*SUPPLIED DATA*:
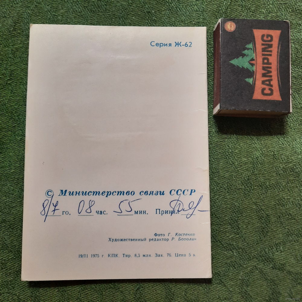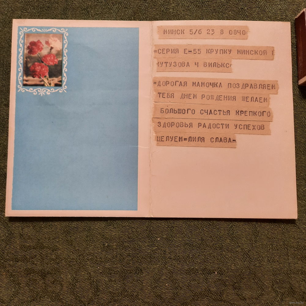 Поздравительная телеграмма на открытке, 1975г.
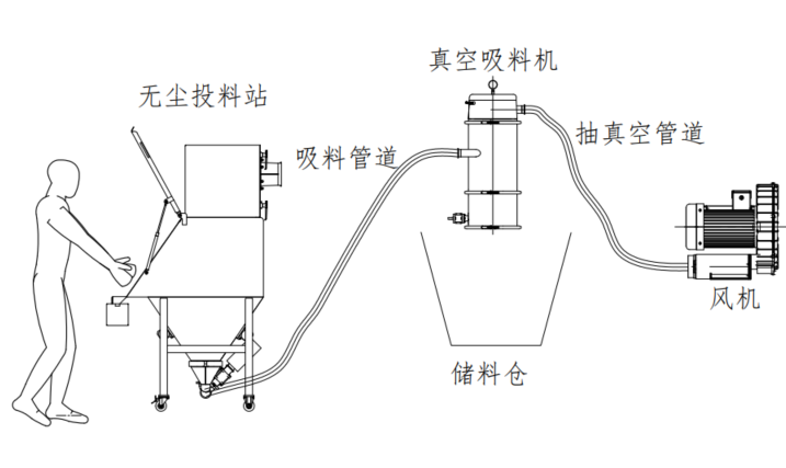 無塵投料站的工作原理是投料時(shí)產(chǎn)生的物料粉塵被離心風(fēng)機(jī)或抽氣管道形成的負(fù)壓吸到過濾系統(tǒng)中,使物料與空氣分離,防止粉塵四散逃逸、污染周圍環(huán)境和保護(hù)操作者身體健康。
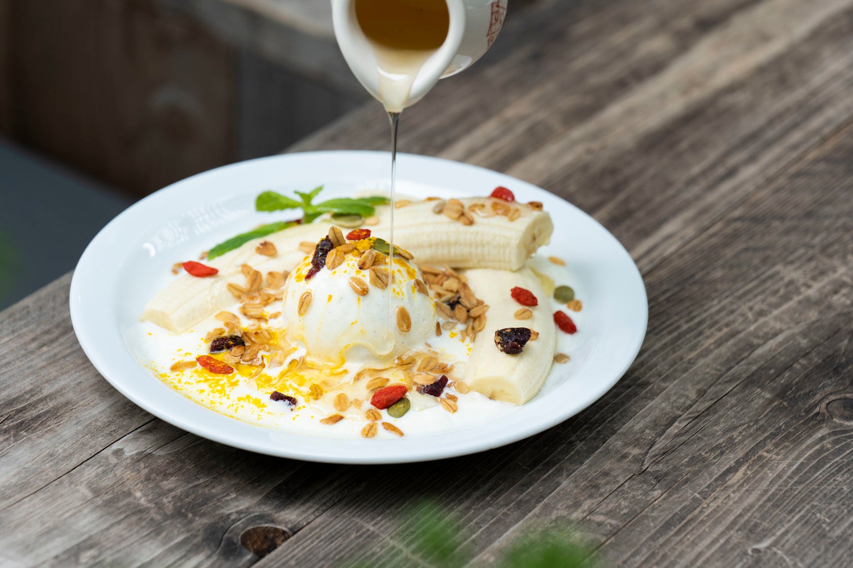 オートミールにバナナとヨーグルト、クコの実などをトッピングしてターメリックの香りを効かせた世界中の〈ル・パン・コティディアン〉で愛されている人気メニュー。バニラアイスを添えて、東京ミッドタウン店限定でご用意しました。
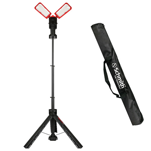 Lampa LED na statywie o mocy 2x50W marki Schmith to idealne rozwiązanie do oświetlenia miejsc pracy na budowie, w warsztacie oraz w trudnych warunkach terenowych. Wyposażona w dwie głowice z 144 diodami LED każda, lampa oferuje regulowany poziom mocy – przy 50% wydajności zapewnia jasność 2x2500 lumenów, a przy pełnej mocy 2x5000 lumenów. Dzięki możliwości regulacji temperatury barwowej w trzech ustawieniach (3000K, 4500K, 6500K), można dostosować światło do potrzeb – od ciepłej, pośredniej, po zimną barwę.
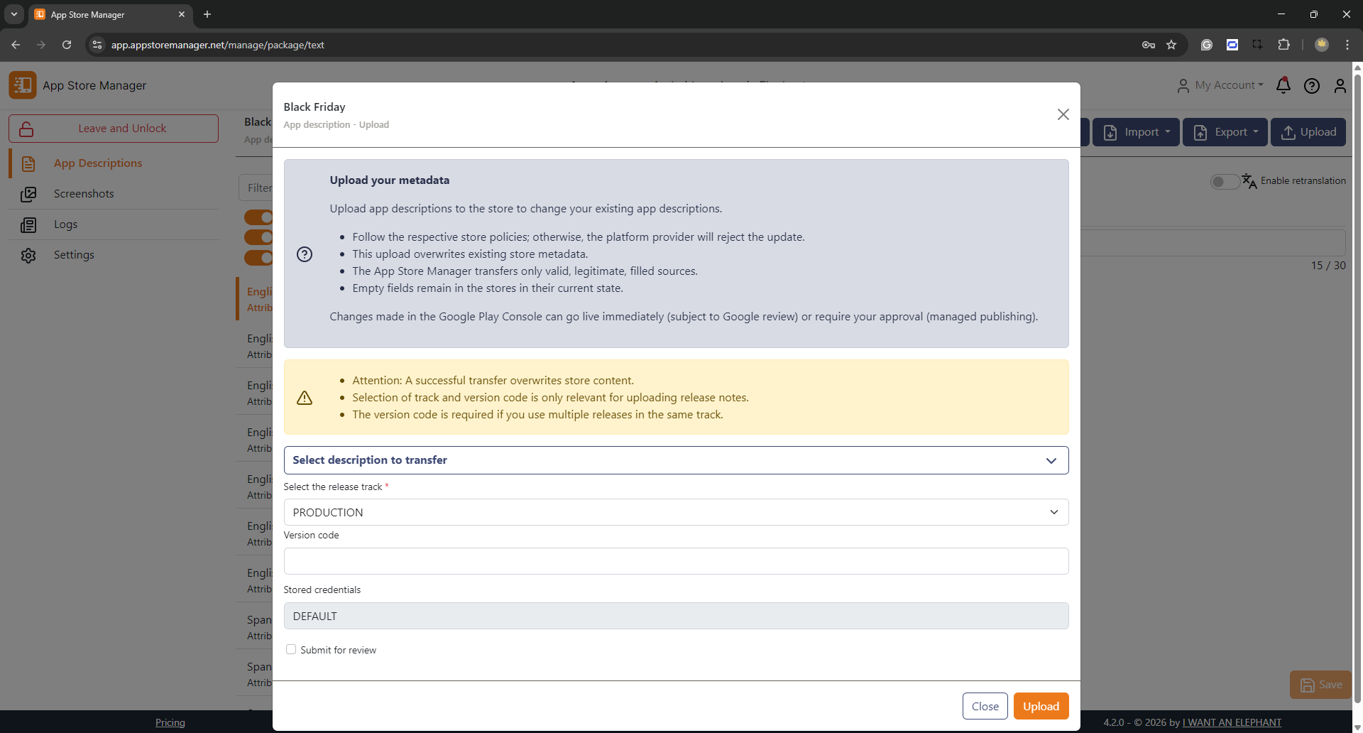 Now all translations are ready for upload in the App Store Manager. Select the "Upload" button and submit the credentials for the respective store.
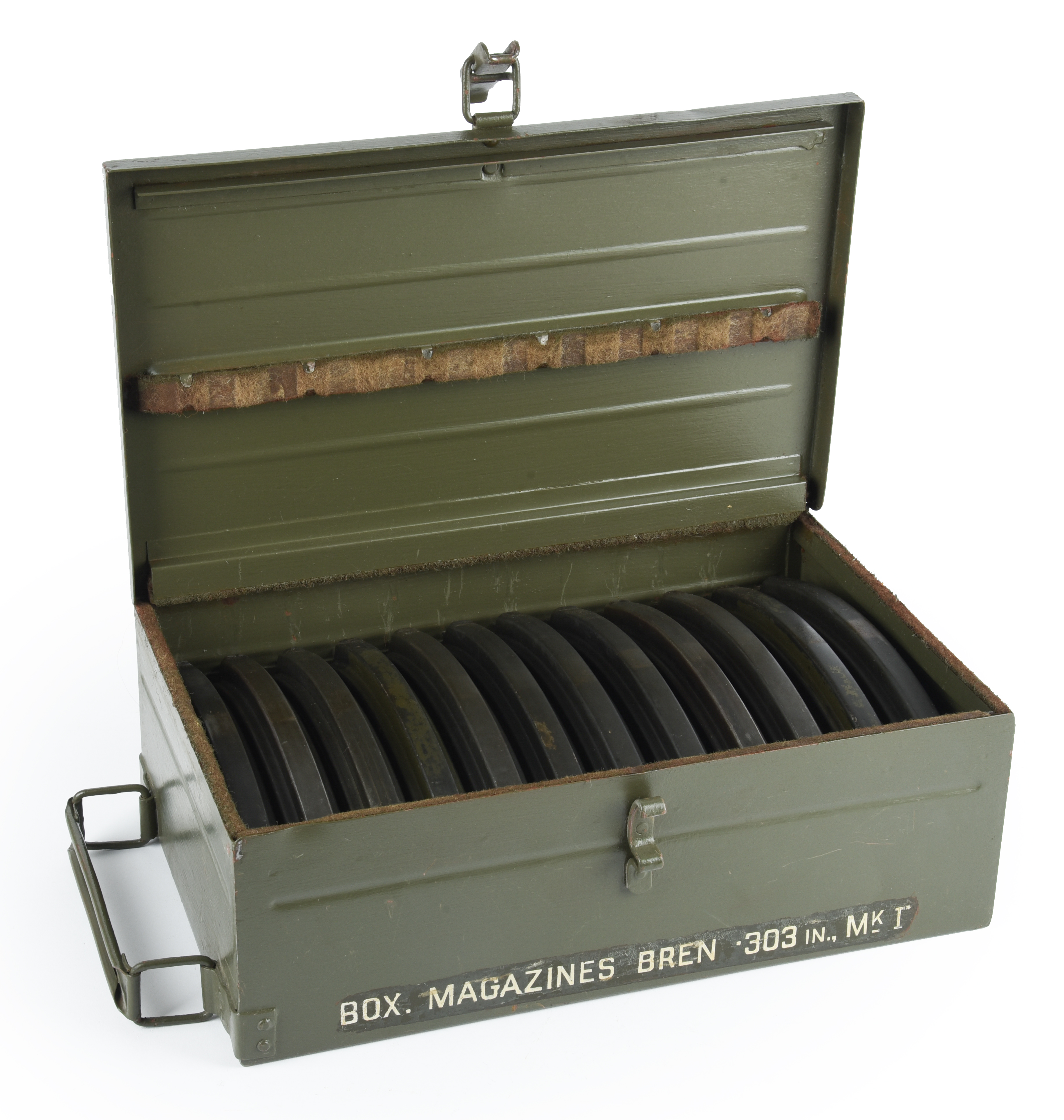 'BOX. MAGAZINES BREN .303 IN., MKI*', a steel transit case, complete with contents of twelve magazines for the BREN light machine gun.

*WORK TO COMPLETE*: Pictures are skipped here. Print exactly, and only, the lines from the one holding "Now all translations" through the final line of the material above, both ends included.

*TASK RESULT*:
 Now all translations are ready for upload in the App Store Manager. Select the "Upload" button and submit the credentials for the respective store.
 'BOX. MAGAZINES BREN .303 IN., MKI*', a steel transit case, complete with contents of twelve magazines for the BREN light machine gun.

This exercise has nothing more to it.